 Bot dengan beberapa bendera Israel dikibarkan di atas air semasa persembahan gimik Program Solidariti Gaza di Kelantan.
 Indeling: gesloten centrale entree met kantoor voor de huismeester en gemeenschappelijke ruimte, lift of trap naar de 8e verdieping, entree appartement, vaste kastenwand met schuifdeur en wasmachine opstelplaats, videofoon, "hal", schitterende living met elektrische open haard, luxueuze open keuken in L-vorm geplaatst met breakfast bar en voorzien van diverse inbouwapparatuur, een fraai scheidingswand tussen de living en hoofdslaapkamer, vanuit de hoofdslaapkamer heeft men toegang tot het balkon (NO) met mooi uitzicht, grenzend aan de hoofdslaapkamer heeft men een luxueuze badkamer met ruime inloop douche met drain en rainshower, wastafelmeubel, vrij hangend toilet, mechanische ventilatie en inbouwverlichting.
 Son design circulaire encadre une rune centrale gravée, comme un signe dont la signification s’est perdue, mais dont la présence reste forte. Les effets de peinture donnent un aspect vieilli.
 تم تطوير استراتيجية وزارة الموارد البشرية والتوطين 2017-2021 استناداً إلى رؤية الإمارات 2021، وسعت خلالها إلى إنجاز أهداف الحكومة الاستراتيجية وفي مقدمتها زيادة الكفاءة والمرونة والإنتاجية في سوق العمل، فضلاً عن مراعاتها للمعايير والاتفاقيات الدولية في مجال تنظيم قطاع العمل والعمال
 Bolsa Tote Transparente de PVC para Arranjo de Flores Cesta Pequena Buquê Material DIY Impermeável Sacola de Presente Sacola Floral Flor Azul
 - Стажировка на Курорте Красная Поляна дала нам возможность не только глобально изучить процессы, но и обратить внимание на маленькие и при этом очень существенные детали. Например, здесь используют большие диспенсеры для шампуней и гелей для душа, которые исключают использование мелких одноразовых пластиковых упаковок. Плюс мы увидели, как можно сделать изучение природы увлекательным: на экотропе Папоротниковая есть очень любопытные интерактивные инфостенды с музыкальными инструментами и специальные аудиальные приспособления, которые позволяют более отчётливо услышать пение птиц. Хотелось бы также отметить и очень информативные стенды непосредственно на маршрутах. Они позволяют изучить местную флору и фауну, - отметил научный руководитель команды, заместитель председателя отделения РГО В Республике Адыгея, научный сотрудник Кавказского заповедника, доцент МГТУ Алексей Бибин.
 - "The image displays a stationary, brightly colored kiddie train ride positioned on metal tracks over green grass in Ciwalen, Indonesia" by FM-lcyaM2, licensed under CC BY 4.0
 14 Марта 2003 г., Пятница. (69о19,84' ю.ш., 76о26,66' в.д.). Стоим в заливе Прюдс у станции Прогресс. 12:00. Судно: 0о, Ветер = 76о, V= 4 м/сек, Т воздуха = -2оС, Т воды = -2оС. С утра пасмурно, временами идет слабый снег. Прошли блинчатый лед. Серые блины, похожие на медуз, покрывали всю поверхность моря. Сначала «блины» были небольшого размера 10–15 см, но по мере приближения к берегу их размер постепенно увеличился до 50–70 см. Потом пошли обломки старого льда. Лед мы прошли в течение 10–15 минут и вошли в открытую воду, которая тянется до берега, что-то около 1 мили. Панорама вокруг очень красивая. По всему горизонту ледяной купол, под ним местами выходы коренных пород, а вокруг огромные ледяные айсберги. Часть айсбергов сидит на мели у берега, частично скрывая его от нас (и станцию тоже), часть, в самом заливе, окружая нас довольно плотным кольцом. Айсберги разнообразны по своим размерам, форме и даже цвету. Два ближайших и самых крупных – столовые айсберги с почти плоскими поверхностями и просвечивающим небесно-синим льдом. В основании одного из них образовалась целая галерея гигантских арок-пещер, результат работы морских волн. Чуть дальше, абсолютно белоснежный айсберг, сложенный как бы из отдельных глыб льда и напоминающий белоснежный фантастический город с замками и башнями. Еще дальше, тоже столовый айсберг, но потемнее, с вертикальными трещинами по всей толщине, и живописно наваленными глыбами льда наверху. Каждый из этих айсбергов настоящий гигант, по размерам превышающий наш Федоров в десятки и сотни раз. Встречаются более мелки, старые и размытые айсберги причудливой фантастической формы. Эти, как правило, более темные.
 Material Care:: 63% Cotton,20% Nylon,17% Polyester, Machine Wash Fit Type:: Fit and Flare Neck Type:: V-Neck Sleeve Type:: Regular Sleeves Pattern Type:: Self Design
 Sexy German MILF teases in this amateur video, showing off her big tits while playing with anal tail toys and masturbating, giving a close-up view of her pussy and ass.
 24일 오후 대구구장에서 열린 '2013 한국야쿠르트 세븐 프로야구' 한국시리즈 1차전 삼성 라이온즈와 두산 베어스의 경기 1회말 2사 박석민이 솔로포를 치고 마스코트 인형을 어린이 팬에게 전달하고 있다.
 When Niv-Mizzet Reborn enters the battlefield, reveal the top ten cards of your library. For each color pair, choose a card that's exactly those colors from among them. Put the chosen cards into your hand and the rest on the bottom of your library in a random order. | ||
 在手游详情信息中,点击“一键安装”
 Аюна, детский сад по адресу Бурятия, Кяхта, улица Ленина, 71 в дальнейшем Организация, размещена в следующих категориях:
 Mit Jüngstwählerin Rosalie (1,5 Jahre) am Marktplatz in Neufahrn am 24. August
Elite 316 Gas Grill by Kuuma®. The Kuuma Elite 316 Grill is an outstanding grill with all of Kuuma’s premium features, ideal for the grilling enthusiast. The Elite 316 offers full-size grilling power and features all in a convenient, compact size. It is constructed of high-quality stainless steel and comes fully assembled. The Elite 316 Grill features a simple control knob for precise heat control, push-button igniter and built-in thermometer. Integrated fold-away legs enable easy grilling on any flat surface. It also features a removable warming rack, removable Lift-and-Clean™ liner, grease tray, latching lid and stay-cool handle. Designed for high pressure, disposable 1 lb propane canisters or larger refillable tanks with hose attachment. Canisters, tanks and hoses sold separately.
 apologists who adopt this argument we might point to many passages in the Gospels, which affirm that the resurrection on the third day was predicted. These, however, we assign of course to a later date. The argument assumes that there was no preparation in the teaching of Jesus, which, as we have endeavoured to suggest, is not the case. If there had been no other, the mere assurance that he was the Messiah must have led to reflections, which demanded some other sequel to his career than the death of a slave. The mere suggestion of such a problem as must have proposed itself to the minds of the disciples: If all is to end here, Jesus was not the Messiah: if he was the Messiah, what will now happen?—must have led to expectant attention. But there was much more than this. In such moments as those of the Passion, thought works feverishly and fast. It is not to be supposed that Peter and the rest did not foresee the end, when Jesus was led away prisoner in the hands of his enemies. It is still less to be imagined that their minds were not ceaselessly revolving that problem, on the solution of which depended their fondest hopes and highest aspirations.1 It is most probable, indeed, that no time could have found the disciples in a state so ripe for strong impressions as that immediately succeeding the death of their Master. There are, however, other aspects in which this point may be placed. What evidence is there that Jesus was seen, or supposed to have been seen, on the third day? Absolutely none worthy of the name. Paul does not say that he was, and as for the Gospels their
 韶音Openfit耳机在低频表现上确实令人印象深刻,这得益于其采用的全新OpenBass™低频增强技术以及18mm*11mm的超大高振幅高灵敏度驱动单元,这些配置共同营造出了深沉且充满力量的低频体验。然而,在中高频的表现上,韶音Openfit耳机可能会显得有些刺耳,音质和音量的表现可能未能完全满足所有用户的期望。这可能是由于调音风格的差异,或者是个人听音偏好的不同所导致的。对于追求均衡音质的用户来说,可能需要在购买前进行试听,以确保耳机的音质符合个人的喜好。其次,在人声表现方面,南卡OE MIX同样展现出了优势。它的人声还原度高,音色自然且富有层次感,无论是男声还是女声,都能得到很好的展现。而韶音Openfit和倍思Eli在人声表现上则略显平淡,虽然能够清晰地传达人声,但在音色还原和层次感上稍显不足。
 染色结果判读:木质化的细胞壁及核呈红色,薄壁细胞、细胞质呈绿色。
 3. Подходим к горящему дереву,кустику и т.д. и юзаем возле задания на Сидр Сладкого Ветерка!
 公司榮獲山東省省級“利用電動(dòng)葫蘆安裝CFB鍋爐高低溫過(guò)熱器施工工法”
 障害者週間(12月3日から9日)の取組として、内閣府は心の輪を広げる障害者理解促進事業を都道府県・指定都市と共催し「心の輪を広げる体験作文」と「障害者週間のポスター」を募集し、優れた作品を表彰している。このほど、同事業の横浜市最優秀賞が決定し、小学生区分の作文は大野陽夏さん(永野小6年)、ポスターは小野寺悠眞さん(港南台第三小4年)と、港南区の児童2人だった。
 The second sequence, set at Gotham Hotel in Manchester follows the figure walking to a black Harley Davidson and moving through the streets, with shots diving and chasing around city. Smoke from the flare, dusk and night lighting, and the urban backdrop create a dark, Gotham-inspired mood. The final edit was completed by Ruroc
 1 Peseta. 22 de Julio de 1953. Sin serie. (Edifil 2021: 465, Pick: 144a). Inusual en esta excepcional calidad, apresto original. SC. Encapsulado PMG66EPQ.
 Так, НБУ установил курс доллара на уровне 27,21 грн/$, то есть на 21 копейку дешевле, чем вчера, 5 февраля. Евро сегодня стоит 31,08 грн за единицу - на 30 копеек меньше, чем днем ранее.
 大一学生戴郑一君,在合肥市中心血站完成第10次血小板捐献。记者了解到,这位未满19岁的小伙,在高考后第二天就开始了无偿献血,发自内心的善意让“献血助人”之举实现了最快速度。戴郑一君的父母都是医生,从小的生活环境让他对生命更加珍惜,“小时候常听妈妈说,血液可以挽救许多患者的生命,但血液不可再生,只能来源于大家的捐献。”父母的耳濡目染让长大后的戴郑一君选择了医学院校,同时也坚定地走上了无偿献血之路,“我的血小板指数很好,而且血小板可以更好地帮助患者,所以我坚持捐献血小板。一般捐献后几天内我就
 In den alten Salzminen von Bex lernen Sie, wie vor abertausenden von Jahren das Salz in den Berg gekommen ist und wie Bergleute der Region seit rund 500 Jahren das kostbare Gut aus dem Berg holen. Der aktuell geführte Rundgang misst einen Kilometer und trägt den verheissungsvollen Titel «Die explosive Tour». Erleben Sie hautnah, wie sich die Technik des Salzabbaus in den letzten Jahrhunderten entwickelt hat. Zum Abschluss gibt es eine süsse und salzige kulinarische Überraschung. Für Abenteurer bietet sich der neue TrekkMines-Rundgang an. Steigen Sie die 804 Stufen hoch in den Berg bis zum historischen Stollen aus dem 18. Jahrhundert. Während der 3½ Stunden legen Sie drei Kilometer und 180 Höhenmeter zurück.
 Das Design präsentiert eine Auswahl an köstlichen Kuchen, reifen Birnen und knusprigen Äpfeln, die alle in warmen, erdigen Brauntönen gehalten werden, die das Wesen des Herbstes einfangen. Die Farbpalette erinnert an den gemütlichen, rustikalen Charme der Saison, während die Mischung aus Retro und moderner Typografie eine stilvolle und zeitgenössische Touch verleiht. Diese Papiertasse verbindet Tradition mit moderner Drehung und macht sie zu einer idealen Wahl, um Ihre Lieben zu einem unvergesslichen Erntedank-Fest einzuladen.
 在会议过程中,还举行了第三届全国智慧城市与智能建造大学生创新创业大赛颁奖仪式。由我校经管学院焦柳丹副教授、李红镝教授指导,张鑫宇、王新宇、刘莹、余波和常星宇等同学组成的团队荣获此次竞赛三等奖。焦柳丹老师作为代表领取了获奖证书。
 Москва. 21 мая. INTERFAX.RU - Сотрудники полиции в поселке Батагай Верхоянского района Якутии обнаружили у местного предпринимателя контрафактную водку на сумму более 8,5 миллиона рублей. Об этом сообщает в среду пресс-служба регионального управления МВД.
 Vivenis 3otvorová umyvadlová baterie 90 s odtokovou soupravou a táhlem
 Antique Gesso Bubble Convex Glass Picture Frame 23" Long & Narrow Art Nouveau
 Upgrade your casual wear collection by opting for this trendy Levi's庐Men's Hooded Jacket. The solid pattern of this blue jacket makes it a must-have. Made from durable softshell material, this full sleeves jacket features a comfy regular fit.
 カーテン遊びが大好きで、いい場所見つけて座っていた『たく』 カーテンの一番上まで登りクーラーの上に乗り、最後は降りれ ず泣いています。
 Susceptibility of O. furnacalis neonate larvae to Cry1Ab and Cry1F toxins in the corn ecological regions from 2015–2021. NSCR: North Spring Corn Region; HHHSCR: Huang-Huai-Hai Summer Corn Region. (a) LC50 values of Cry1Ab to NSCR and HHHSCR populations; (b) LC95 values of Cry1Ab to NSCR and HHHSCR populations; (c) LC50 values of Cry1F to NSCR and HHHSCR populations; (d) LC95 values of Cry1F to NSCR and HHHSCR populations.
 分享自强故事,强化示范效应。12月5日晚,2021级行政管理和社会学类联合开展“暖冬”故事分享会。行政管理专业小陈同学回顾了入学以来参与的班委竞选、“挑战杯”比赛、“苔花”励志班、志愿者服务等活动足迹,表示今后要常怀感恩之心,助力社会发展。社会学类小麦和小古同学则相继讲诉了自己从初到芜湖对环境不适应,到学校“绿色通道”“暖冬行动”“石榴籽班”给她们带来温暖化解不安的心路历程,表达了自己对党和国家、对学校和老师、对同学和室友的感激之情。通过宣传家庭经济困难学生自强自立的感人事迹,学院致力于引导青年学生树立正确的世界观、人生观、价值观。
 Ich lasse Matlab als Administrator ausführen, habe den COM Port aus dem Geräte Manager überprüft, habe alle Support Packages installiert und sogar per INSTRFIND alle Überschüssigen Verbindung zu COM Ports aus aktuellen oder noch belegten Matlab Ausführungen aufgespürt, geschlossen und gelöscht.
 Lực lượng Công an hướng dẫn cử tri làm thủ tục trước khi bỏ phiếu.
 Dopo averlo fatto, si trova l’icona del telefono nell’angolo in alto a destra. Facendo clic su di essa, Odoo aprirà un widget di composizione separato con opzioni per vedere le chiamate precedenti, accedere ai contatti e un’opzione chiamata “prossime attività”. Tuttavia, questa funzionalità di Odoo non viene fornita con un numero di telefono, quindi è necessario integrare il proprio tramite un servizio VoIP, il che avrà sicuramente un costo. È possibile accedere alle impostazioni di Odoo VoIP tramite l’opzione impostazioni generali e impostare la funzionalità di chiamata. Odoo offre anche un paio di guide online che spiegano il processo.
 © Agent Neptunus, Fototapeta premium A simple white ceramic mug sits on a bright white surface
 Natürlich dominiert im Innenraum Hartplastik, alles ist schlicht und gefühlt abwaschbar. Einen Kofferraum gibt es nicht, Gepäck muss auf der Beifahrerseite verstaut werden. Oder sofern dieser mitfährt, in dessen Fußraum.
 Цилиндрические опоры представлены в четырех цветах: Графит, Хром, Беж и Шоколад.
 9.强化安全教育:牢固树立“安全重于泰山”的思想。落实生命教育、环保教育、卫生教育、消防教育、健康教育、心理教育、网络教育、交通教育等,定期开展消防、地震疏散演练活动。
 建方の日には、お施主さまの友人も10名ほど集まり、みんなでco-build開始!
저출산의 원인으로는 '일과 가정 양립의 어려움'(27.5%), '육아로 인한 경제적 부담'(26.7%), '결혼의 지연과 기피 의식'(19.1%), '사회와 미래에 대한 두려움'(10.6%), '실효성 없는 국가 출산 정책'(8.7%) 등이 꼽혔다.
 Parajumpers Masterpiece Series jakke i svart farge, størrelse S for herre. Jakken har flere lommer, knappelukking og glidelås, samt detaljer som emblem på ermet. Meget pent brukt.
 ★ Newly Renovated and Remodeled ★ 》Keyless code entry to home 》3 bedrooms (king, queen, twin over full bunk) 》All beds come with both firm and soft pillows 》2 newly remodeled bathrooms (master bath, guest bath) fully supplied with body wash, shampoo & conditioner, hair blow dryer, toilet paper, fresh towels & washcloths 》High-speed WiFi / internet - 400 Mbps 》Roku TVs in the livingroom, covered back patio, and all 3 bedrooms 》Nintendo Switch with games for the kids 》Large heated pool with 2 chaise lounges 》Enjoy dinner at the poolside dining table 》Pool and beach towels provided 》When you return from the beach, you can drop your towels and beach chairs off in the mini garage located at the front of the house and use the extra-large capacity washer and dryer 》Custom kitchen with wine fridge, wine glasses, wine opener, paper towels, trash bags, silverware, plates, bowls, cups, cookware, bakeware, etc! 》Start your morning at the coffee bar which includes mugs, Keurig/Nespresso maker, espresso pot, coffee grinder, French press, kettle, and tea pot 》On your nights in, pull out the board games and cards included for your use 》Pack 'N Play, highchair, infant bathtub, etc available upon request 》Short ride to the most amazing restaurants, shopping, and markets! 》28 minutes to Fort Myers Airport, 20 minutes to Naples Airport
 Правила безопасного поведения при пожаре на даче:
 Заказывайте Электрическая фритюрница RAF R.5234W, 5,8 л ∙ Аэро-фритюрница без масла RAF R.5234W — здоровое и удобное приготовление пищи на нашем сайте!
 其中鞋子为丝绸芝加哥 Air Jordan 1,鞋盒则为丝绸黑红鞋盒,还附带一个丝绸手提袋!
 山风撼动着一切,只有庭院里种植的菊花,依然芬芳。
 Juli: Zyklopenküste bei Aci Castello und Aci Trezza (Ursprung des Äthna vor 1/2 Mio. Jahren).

◇ ◇ ◇

● **Assignment**: Filter the records for the string "werden" and copy every line that holds it.

● **Result of the exercise**:
 Das Design präsentiert eine Auswahl an köstlichen Kuchen, reifen Birnen und knusprigen Äpfeln, die alle in warmen, erdigen Brauntönen gehalten werden, die das Wesen des Herbstes einfangen. Die Farbpalette erinnert an den gemütlichen, rustikalen Charme der Saison, während die Mischung aus Retro und moderner Typografie eine stilvolle und zeitgenössische Touch verleiht. Diese Papiertasse verbindet Tradition mit moderner Drehung und macht sie zu einer idealen Wahl, um Ihre Lieben zu einem unvergesslichen Erntedank-Fest einzuladen.
 Natürlich dominiert im Innenraum Hartplastik, alles ist schlicht und gefühlt abwaschbar. Einen Kofferraum gibt es nicht, Gepäck muss auf der Beifahrerseite verstaut werden. Oder sofern dieser mitfährt, in dessen Fußraum.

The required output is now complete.